Segment Open
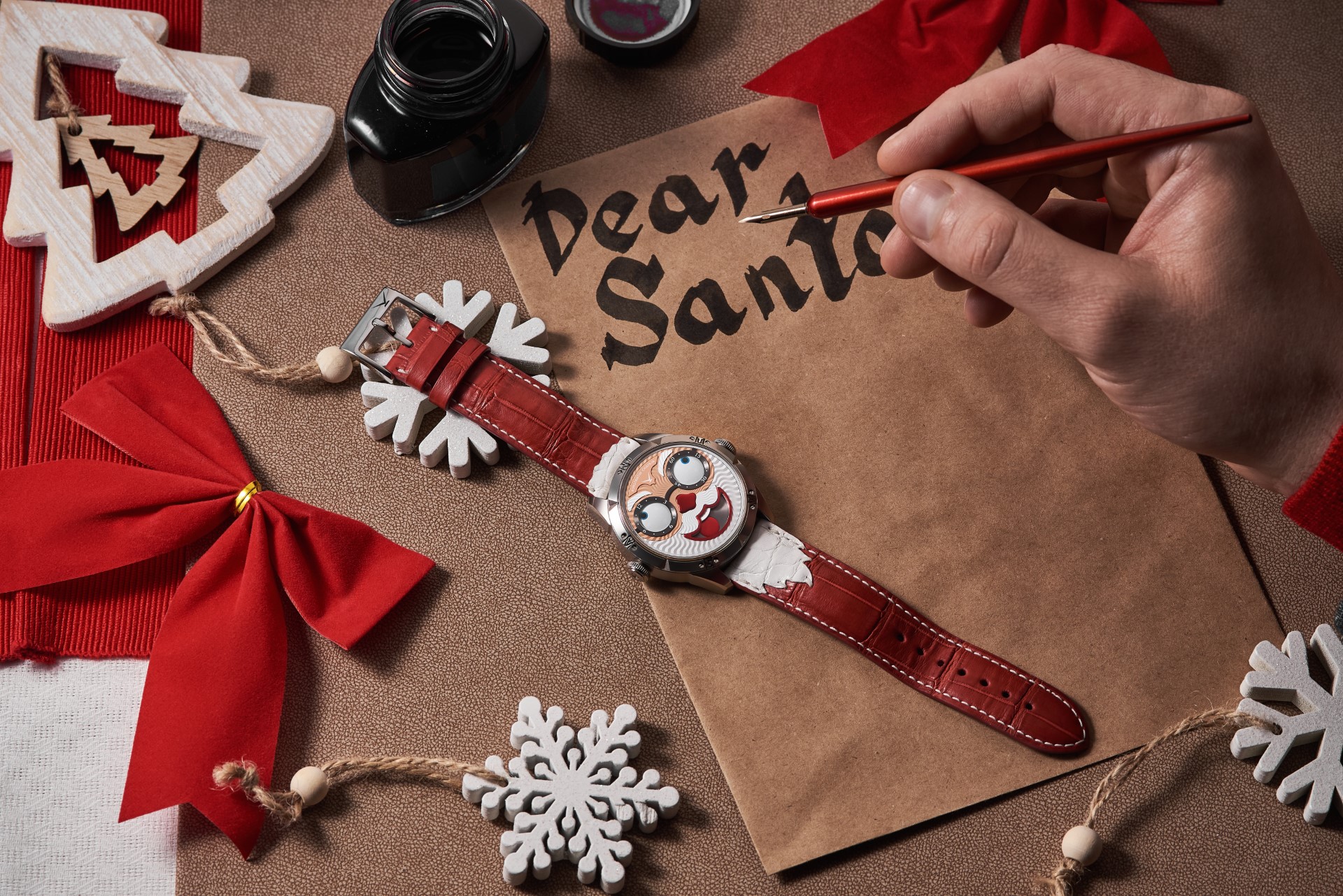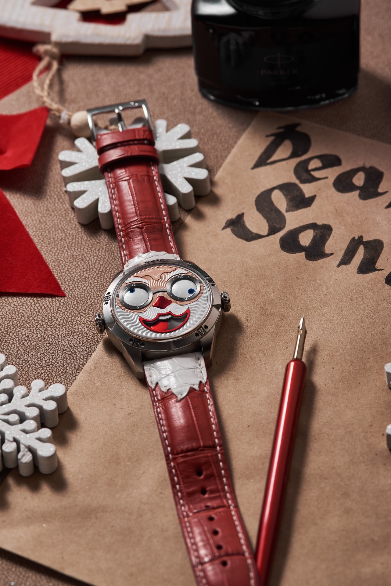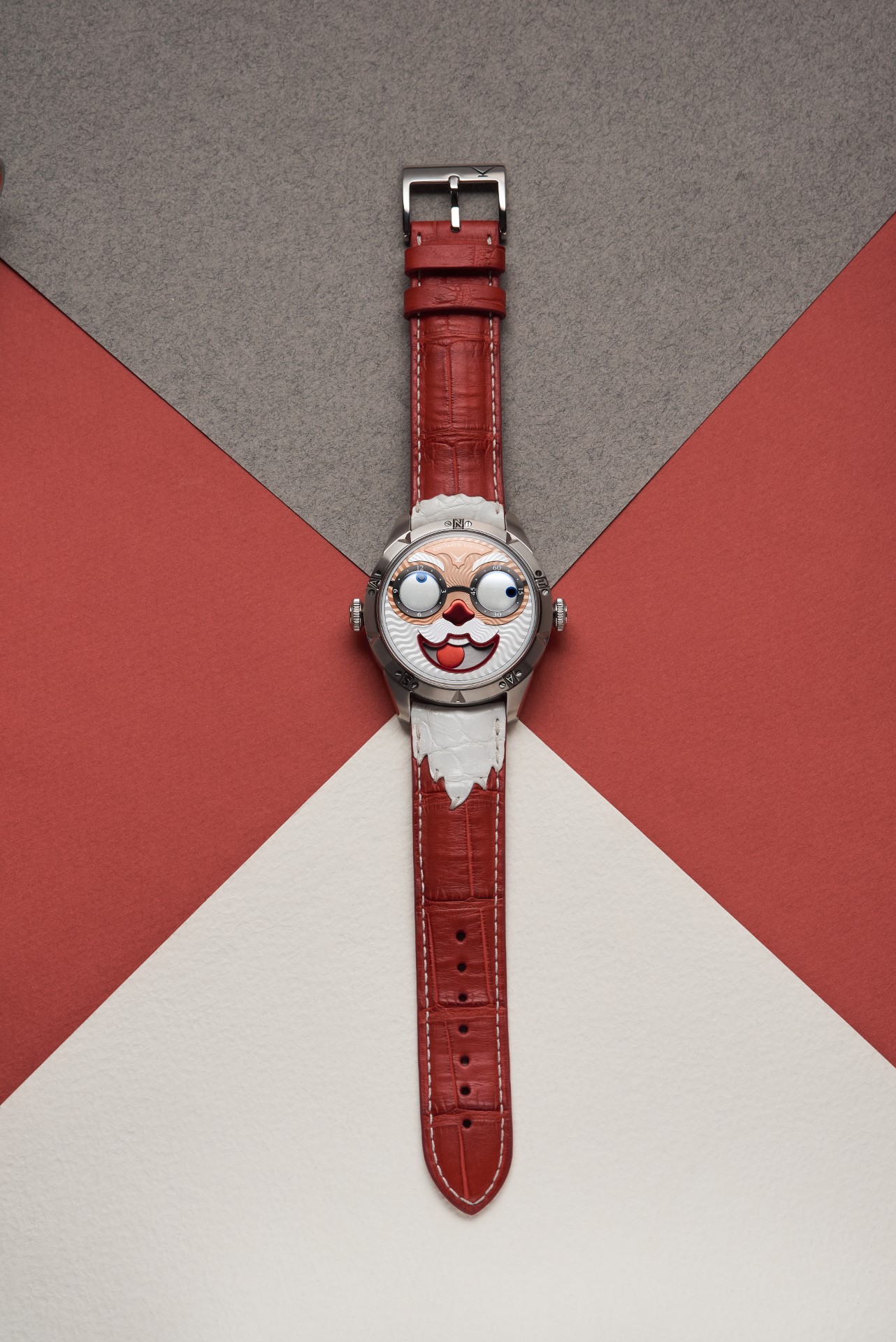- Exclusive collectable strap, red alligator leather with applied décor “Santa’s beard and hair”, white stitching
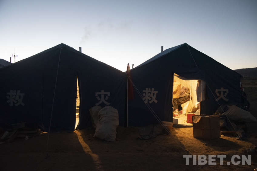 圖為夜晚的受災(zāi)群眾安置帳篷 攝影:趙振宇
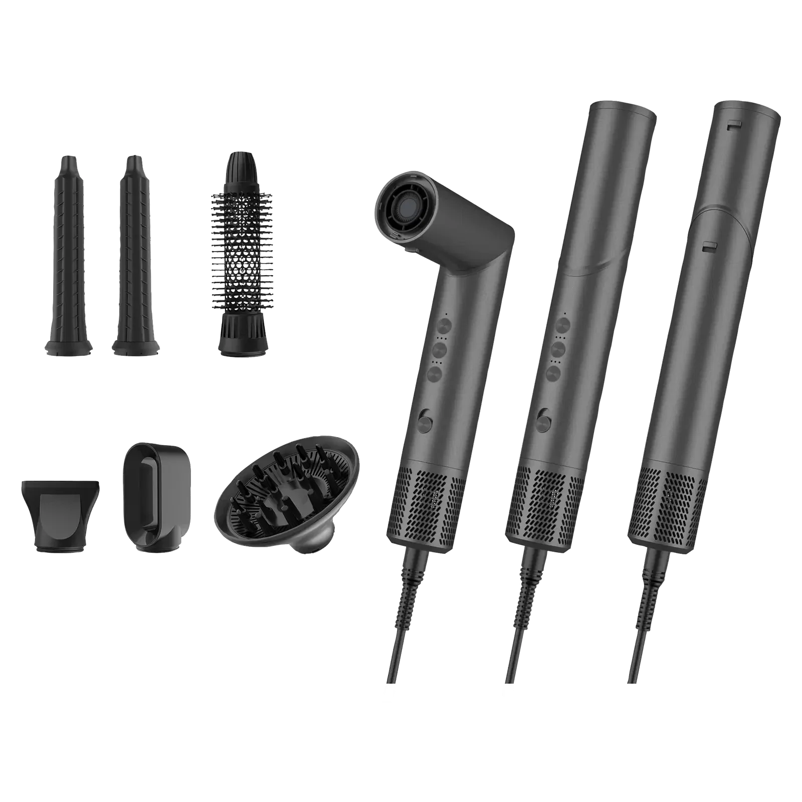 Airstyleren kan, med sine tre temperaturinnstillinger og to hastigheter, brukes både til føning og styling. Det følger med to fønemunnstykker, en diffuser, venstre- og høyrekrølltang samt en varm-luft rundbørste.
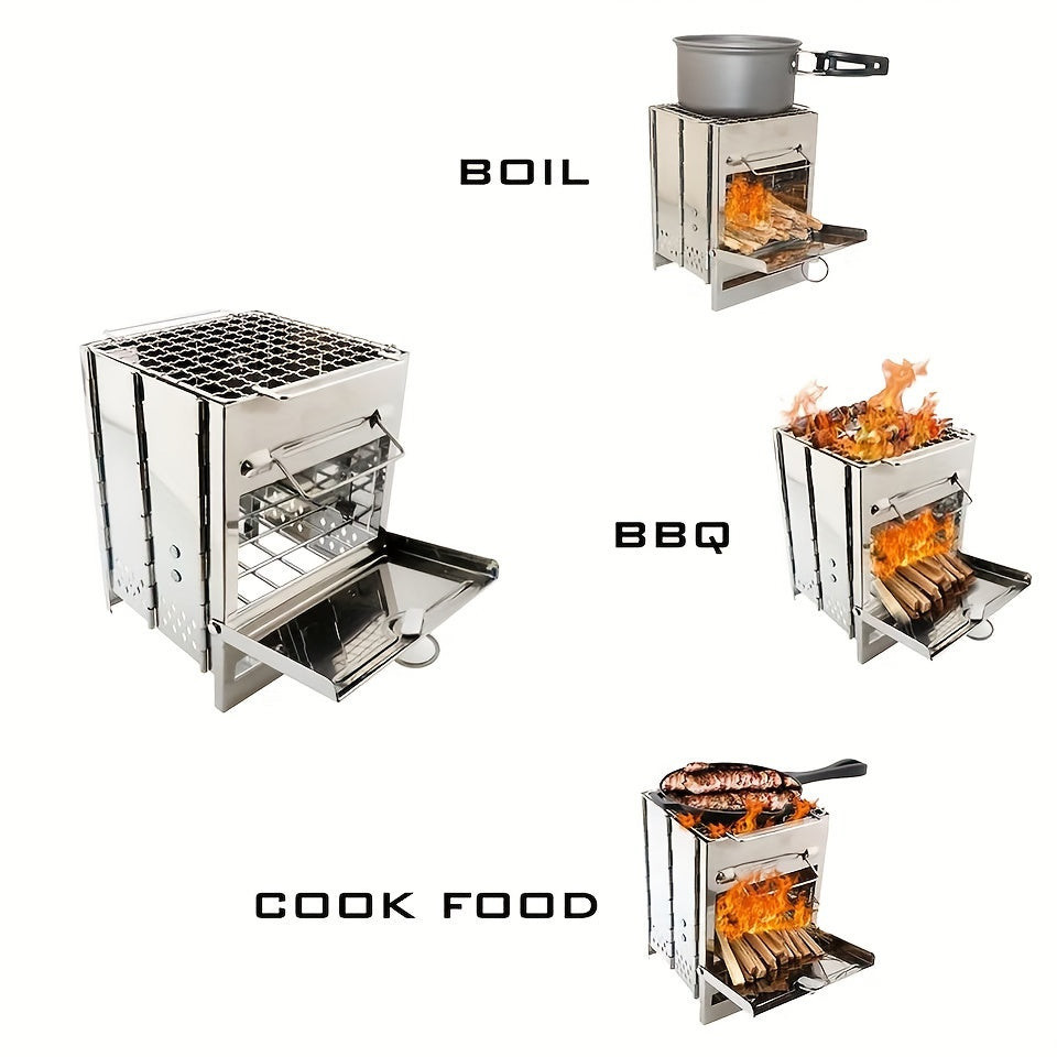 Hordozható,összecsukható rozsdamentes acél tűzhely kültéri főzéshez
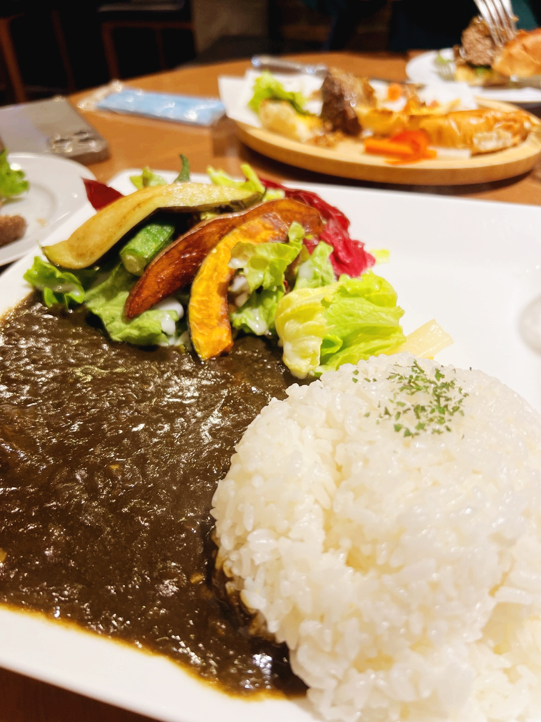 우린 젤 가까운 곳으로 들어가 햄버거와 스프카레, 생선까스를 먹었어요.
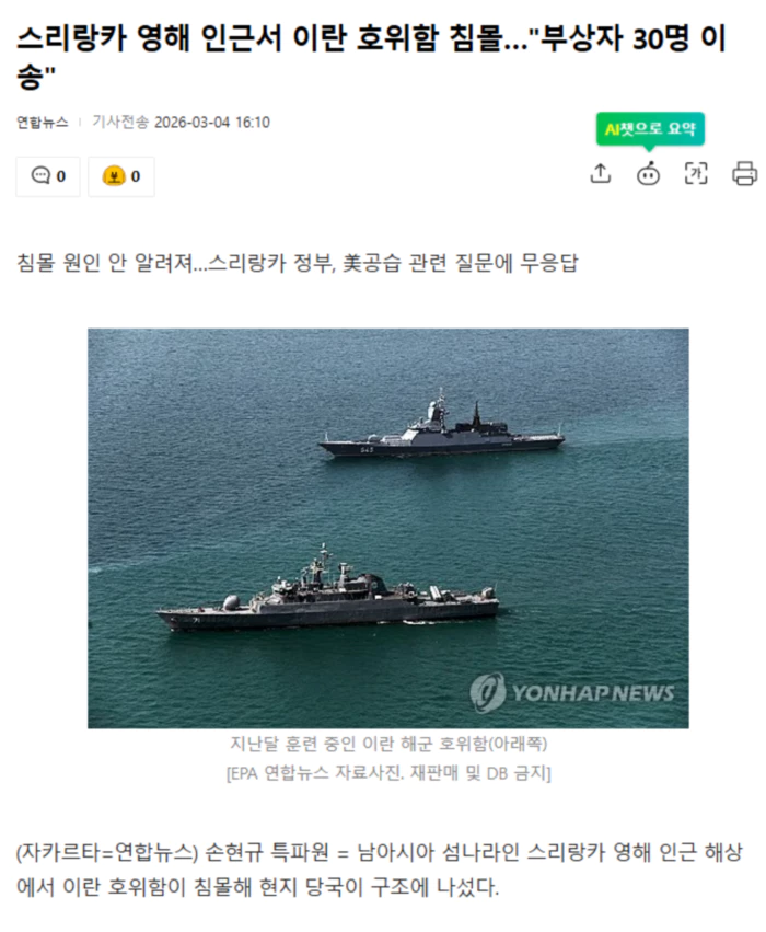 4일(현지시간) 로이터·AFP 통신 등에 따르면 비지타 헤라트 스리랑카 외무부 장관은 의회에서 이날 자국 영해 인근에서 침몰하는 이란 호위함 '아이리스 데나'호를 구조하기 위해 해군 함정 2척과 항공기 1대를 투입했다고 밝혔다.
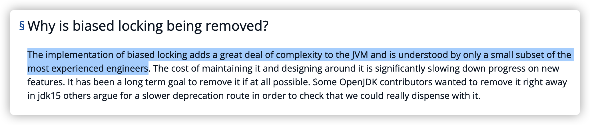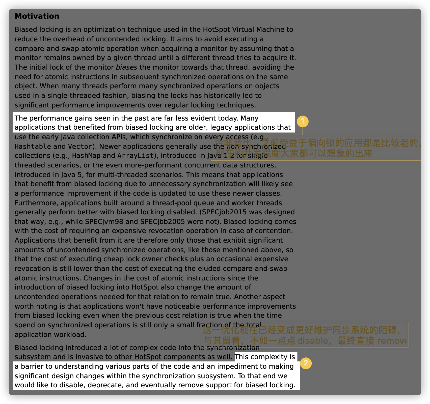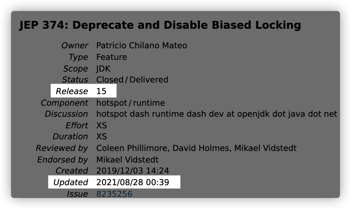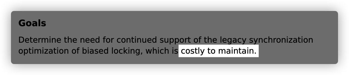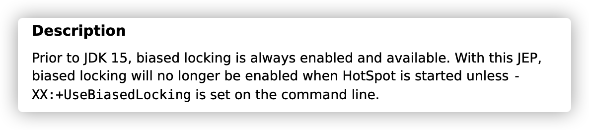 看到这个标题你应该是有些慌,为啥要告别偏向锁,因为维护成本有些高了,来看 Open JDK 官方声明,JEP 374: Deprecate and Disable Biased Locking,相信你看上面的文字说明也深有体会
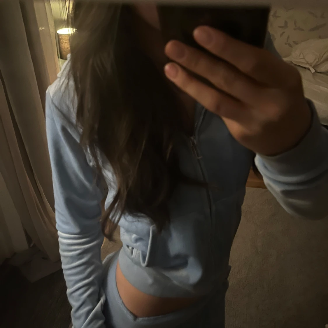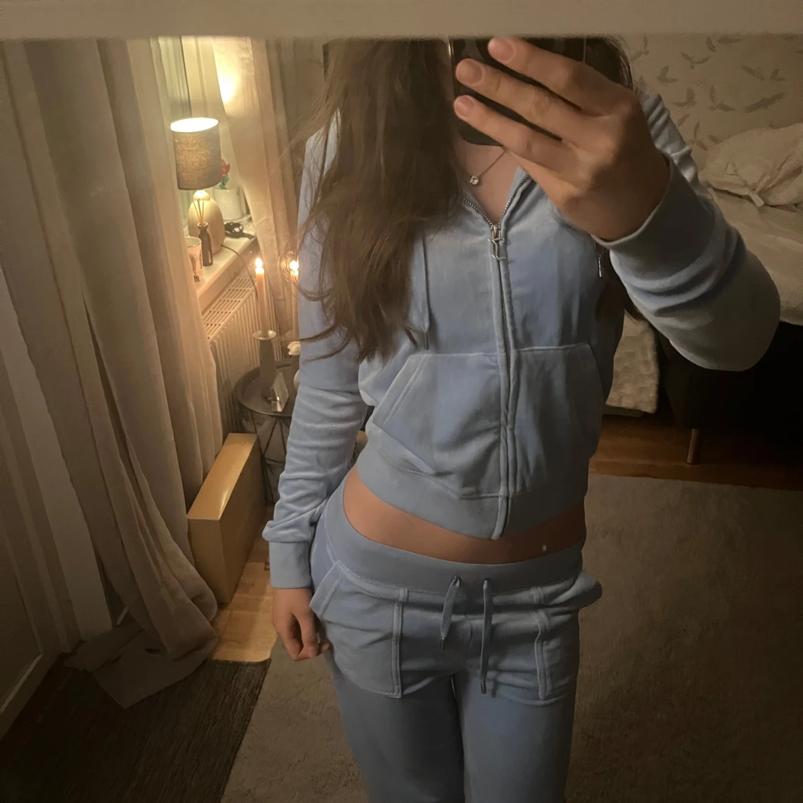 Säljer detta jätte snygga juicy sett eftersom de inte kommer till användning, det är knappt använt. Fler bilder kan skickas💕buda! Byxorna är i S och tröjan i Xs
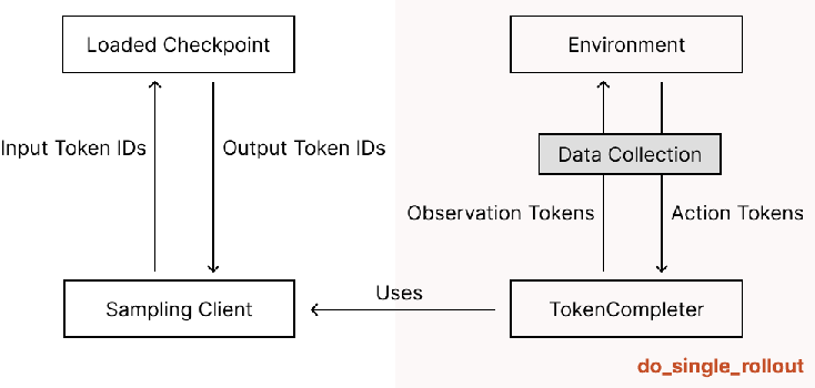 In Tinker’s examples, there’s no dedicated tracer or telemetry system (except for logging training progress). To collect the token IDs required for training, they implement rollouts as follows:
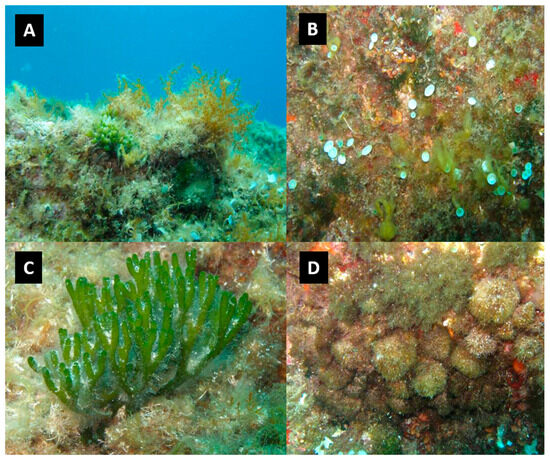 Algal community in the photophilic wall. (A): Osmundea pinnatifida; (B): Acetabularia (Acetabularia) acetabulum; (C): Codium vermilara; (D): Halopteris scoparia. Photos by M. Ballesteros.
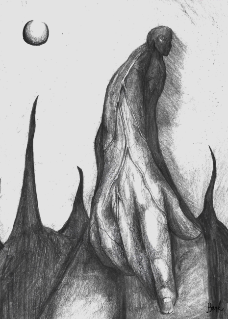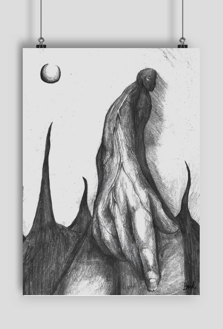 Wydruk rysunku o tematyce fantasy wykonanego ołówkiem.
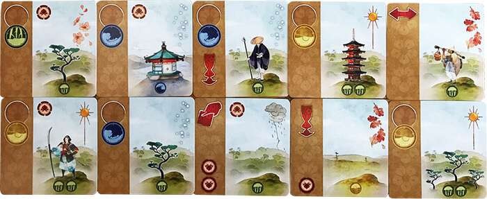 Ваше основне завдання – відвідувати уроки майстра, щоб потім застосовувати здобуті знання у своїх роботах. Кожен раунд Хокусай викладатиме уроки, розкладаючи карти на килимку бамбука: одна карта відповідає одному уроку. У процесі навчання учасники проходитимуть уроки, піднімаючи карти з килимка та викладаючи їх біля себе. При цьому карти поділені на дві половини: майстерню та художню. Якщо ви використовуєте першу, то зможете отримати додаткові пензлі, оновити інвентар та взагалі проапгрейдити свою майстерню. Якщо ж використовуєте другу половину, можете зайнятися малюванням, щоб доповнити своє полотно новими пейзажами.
Segment Closed
Task to carry out -
Quote the data above in full, leaving out the pictures it holds.

Result -
- Exclusive collectable strap, red alligator leather with applied décor “Santa’s beard and hair”, white stitching
 圖為夜晚的受災(zāi)群眾安置帳篷 攝影:趙振宇
 Airstyleren kan, med sine tre temperaturinnstillinger og to hastigheter, brukes både til føning og styling. Det følger med to fønemunnstykker, en diffuser, venstre- og høyrekrølltang samt en varm-luft rundbørste.
 Hordozható,összecsukható rozsdamentes acél tűzhely kültéri főzéshez
 우린 젤 가까운 곳으로 들어가 햄버거와 스프카레, 생선까스를 먹었어요.
 4일(현지시간) 로이터·AFP 통신 등에 따르면 비지타 헤라트 스리랑카 외무부 장관은 의회에서 이날 자국 영해 인근에서 침몰하는 이란 호위함 '아이리스 데나'호를 구조하기 위해 해군 함정 2척과 항공기 1대를 투입했다고 밝혔다.
 看到这个标题你应该是有些慌,为啥要告别偏向锁,因为维护成本有些高了,来看 Open JDK 官方声明,JEP 374: Deprecate and Disable Biased Locking,相信你看上面的文字说明也深有体会
 Säljer detta jätte snygga juicy sett eftersom de inte kommer till användning, det är knappt använt. Fler bilder kan skickas💕buda! Byxorna är i S och tröjan i Xs
 In Tinker’s examples, there’s no dedicated tracer or telemetry system (except for logging training progress). To collect the token IDs required for training, they implement rollouts as follows:
 Algal community in the photophilic wall. (A): Osmundea pinnatifida; (B): Acetabularia (Acetabularia) acetabulum; (C): Codium vermilara; (D): Halopteris scoparia. Photos by M. Ballesteros.
 Wydruk rysunku o tematyce fantasy wykonanego ołówkiem.
 Ваше основне завдання – відвідувати уроки майстра, щоб потім застосовувати здобуті знання у своїх роботах. Кожен раунд Хокусай викладатиме уроки, розкладаючи карти на килимку бамбука: одна карта відповідає одному уроку. У процесі навчання учасники проходитимуть уроки, піднімаючи карти з килимка та викладаючи їх біля себе. При цьому карти поділені на дві половини: майстерню та художню. Якщо ви використовуєте першу, то зможете отримати додаткові пензлі, оновити інвентар та взагалі проапгрейдити свою майстерню. Якщо ж використовуєте другу половину, можете зайнятися малюванням, щоб доповнити своє полотно новими пейзажами.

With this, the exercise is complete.